Note that when the main plasma chamber 28 is made of quartz glass, oxygen is rarely mixed into the film due to the 5102 sputtering effect caused by the plasma. In order to avoid oxygen contamination, it is effective to use ceramics of A1□03 material, ceramics of the same material as the material to be formed, stainless steel, etc. instead of quartz glass.

In addition to the examples shown in FIGS. 1 and 2, the shape of the discharge electrode and the material and shape of the structure 1 reaction vessel are changed to generate a local thermal equilibrium plasma, and the high-frequency glow-like discharge in the surrounding area is generated. The apparatus for depositing a film on a substrate by means of a high-frequency glow-like discharge led into a plasma chamber and a secondary plasma chamber can be configured in various ways. The present invention is not limited to each structure of the above embodiments.

(Effects of the Invention) The present invention is as described above, and is capable of producing high-quality thin films with good controllability while minimizing radiation damage to semiconductor elements in the thin film manufacturing process.

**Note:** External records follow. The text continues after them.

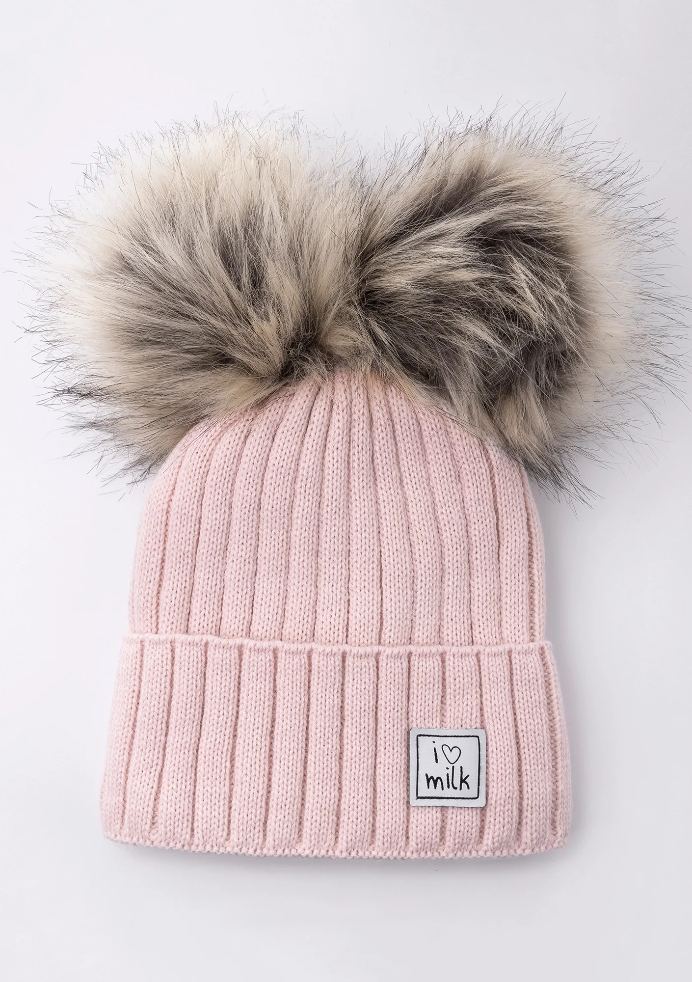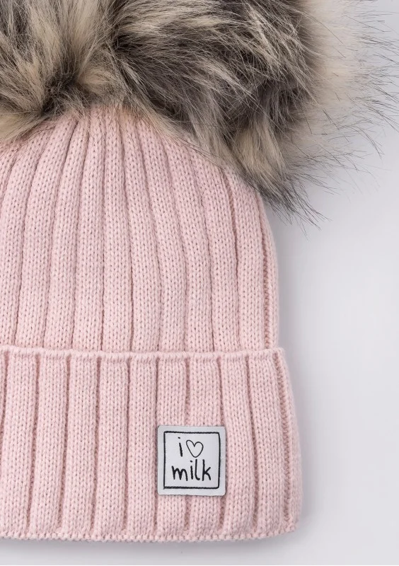 Zimowa czapka dziecięca z pomponami Pudrowy Róż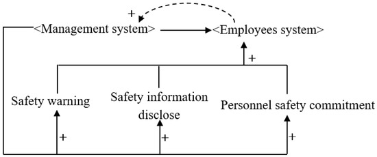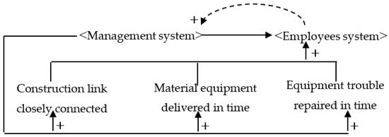 Just-in-time management (JIT) aims to reduce costs by optimizing inventory to enable the on-time supply of raw materials, semi-manufactured products, or finished products [53]. JIT management can shorten the waiting times of workers and the equipment. It has also been applied in the area of construction safety, with respect to the timely treatment of equipment failures and hidden safety hazards, the establishment of appropriate construction safety plans, and the elimination of periods of idleness. “Idle behavior” refers to the enforced idleness due to poor organization of work. Due to the defects of a construction management plan, workers have to spend more time waiting. As such, “idle” workers are likely to hang around the site and hence trigger work-related accidents. JIT management reduces safety hazards while also improving productivity. Figure 6 shows a causal diagram of a construction system in the JIT management scenario.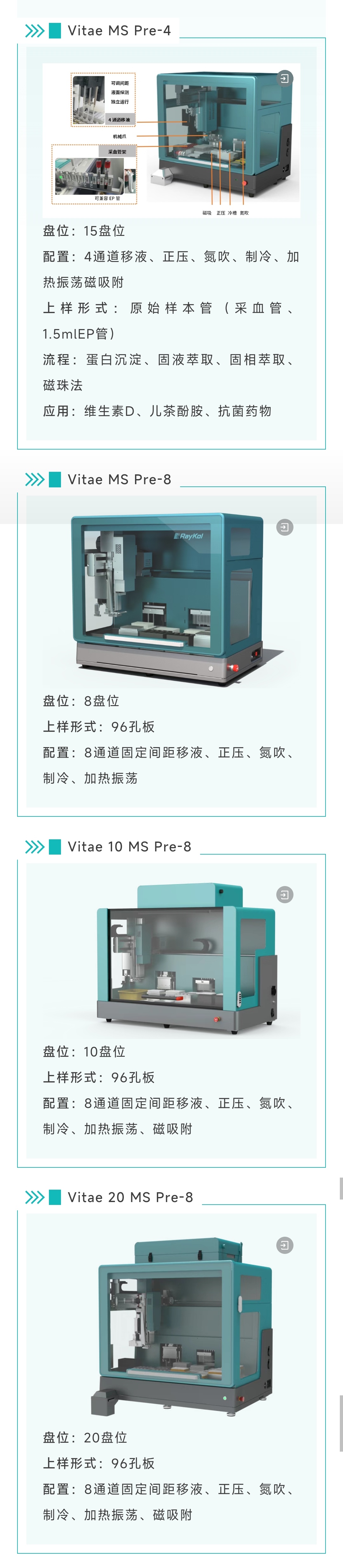 ◆ 機型豐富,可選上原始樣本管,也可選上孔板,可根據用戶具體需求來選擇不同型號和配置;

The present invention greatly contributes to other film forming apparatuses, and can be said to be an industrially useful invention.

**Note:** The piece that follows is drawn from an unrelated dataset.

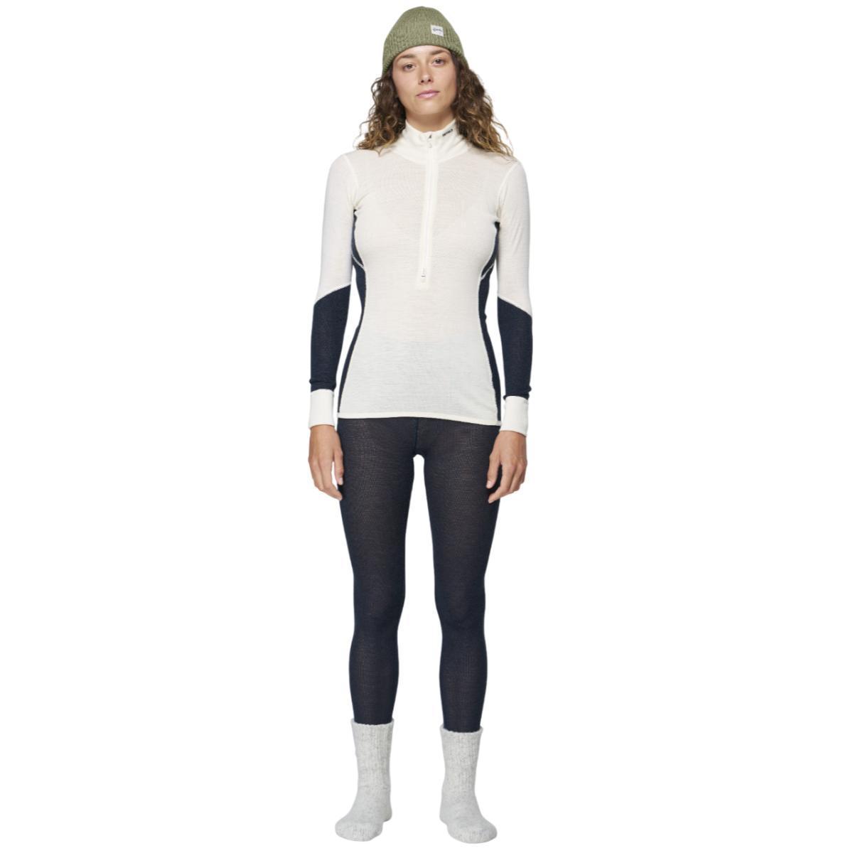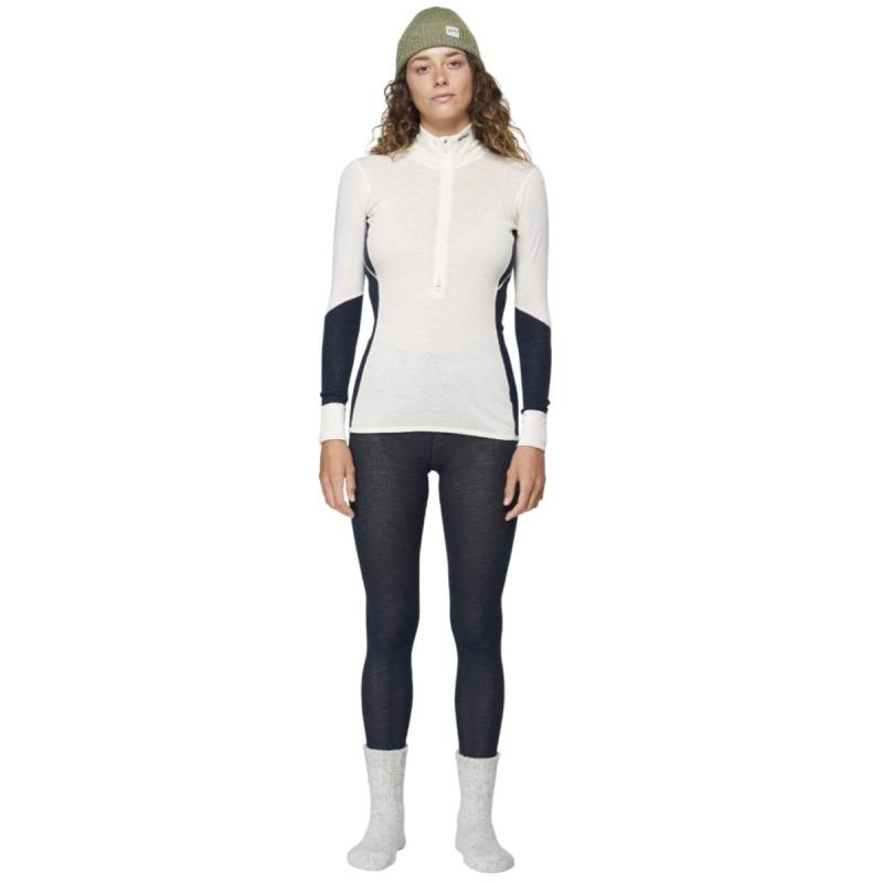 Devold Wool Mesh 190 Zip Neck ullsett til dame er designet for høyintensiv aktivitet som stiller høye krav til fukttransport, vekt og pusteevne. Nettingkonstruksjonen tørker raskt og frakter overskuddsvarme og fuktighet bort fra kroppen. Når temperaturen synker, isolerer nettingen godt ved hjelp av luftlommene som oppstår mellom huden og isolasjonslaget. Flate sømmer sørger for optimal komfort. Sette kan vaskes i maskin.

[Brief explanation of drawings]

1 and 2 are diagrams showing an embodiment of the apparatus according to the present invention. Figure 3 shows the high-frequency glow discharge of nitrogen gas
FIG. 3 is a diagram showing a spectral pattern obtained by emission spectroscopic analysis of a local thermal equilibrium plasma state. Figure 4 shows the infrared absorption spectra of a film created using a conventional plasma CVD device.
9 is a diagram showing an infrared absorption spectrum b of a film produced by the apparatus of the present invention. FIG. 5 is a diagram showing a conventional plasma CVD apparatus. DESCRIPTION OF SYMBOLS 1... Reaction chamber, 3... Substrate holder, 5... High frequency T source 6... Heater, 7... Substrate, 8... High frequency glow discharge, 10... Reaction container, 23... ··coil,
25... High frequency glow discharge, 26... Local thermal equilibrium plasma 27... Secondary plasma chamber, 28... Main plasma chamber. Agent Patent Attorney Kenji Murakami WAVENtJMBER (cri-') FIG, 4

Claims (5)

[Claims] (1) In a thin film forming apparatus that introduces a predetermined gas into a reaction vessel and uses the plasma of the gas generated by electric discharge to form a thin film, a stable local thermal equilibrium plasma is generated and maintained in the main plasma chamber, and A thin film forming apparatus characterized in that a plasma is led to a secondary plasma chamber, a secondary discharge is maintained in the secondary plasma chamber, and a predetermined thin film is deposited on a substrate placed in the secondary plasma chamber. (2) The thin film forming apparatus according to claim 1, wherein the local thermal equilibrium plasma generation mechanism is of a high frequency inductively coupled type. (3) The thin film forming apparatus according to claim 1, wherein the local thermal equilibrium plasma generation mechanism is of a high frequency capacitive coupling type. (4) The thin film forming apparatus according to claim 1, 2 or 3, characterized in that quartz glass and/or ceramics are used for at least a part of the inner wall of the main plasma chamber that is exposed to the local thermal equilibrium plasma. . (5) At least a part of the predetermined gas is introduced into the main plasma chamber, and another part of the predetermined gas is introduced into the secondary plasma chamber. The thin film forming apparatus according to item 2, 3 or 4.